There’s actually a whole separate panel in Illustrator responsible for strokes. It shows up if you press the word Stroke with a dotted underline either on the Properties or the Control panel.
You can also recall it as a separate constant pannel by going to Window > Stroke. Click two arrows to the left of the panel’s title to expand it and show all the options.
There are three important parameters there inregards to text:
1) Weight – fairly obvious, it’s the stroke’s width. Note that you can input fractional values, like .25 or 1.7
2) Corner – whether corners of the outline will be rounded, cut or sharp.
3) Align Stroke – wheter the outline will go aong the outside, the inside or the center of the path. Aligng stroke to the outside or inside will only work
Note: to make outlines of the outlines i.e. strokes go to Object > Expand.

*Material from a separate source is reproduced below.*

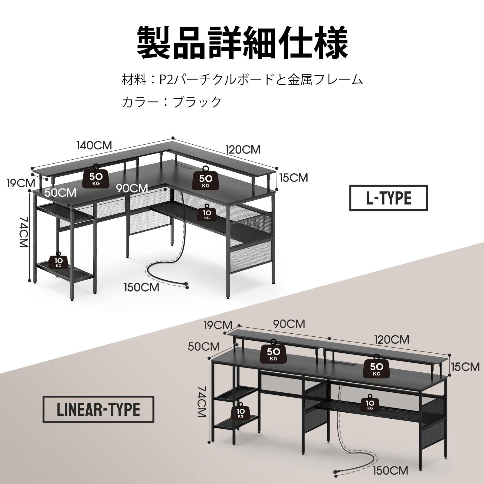 このL字型ゲーミングデスクには2つの電源ソケットと1つのUSB充電ポートがあり

And if one stroke isn’t enough, go to Window > Appearance. This panels controls appearance of your objects on a deeper level.
- Convert your text to outlines.
- Double-click Contents
- Click Add New Stroke.
You can add as many strokes as you want, give them different colors and properties and change their order by clicking and dragging (Alt/Option-drag to copy).
If you want to give your strokes an artistic effect, try Width Tool.
- Convert your text to outlines and give it a stroke.
- Select Width Tool on the Toolbar or press Shift + W.
- Click and drag on the stroke to change its width. Hold Alt/Option to restrict the tool to one side.
Go to Object > Expand Appearance if you want to convert the result to outlines.